Levi Strauss, becoming an American citizen in…
March 1853 CE
Levi expects that the mining camps will welcome his buttons, scissors, thread and bolts of fabric; additionally, he has yards of canvas sailcloth intended for tent-making and as covers for the Conestoga wagons that dot the landscape next to every stream and river in the area.
Strauss and his brother-in-law David Stern open a dry goods wholesale business called Levi Strauss & Co in March 1853.
Levi, estimated at about 5' 11" and 185 pounds, is often found leading a pack-horse, heavily laden with merchandise, directly into the mining camps found throughout the region.
The story goes that both prospectors and miners, often complaining about the easily torn cotton "britches" and pockets that "split right out" gave Levi the idea to make a rugged overall trouser for the miners to wear.
These are fashioned from bolts of brown canvas sailcloth, with gold ore storage pockets that are nearly impossible to split.
Levi exhausts his original supply of canvas as the demand grows for his hard-wearing overalls, so he switches to a sturdy fabric called serge, made in Nimes, France, by the Andre family.
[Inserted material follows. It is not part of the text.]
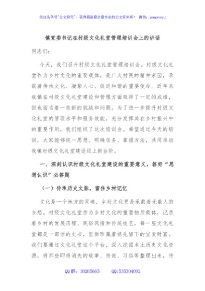 / 镇党委书记在村级文化礼堂管理培训会上的讲话

Originally called serge de Nimes, the name is soon shortened to denim.
Born Löb Strauss in Bavaria, he had emigrated at 14 from Bremerhaven to New York where his two older brothers, Jonas and Louis, had already established a successful wholesale textile and tailoring business.
After a stay of two days in New York, he continued on to the ranch of his uncle, Daniel Goldman in Louisville, Kentucky, where he spent the next five years learning the language and the ways of his new homeland in order that he might someday take over his uncle's ranch.
Löb had dreams of becoming an independent businessman, however, and for several years he walked the roads of Kentucky, selling cloth and notions from the pack on his back.
In 1847, Strauss, his mother and two sisters moved to New York City to join his brothers Jonas and Louis in their dry goods business.
By 1850 he had adopted the name "Levi Strauss".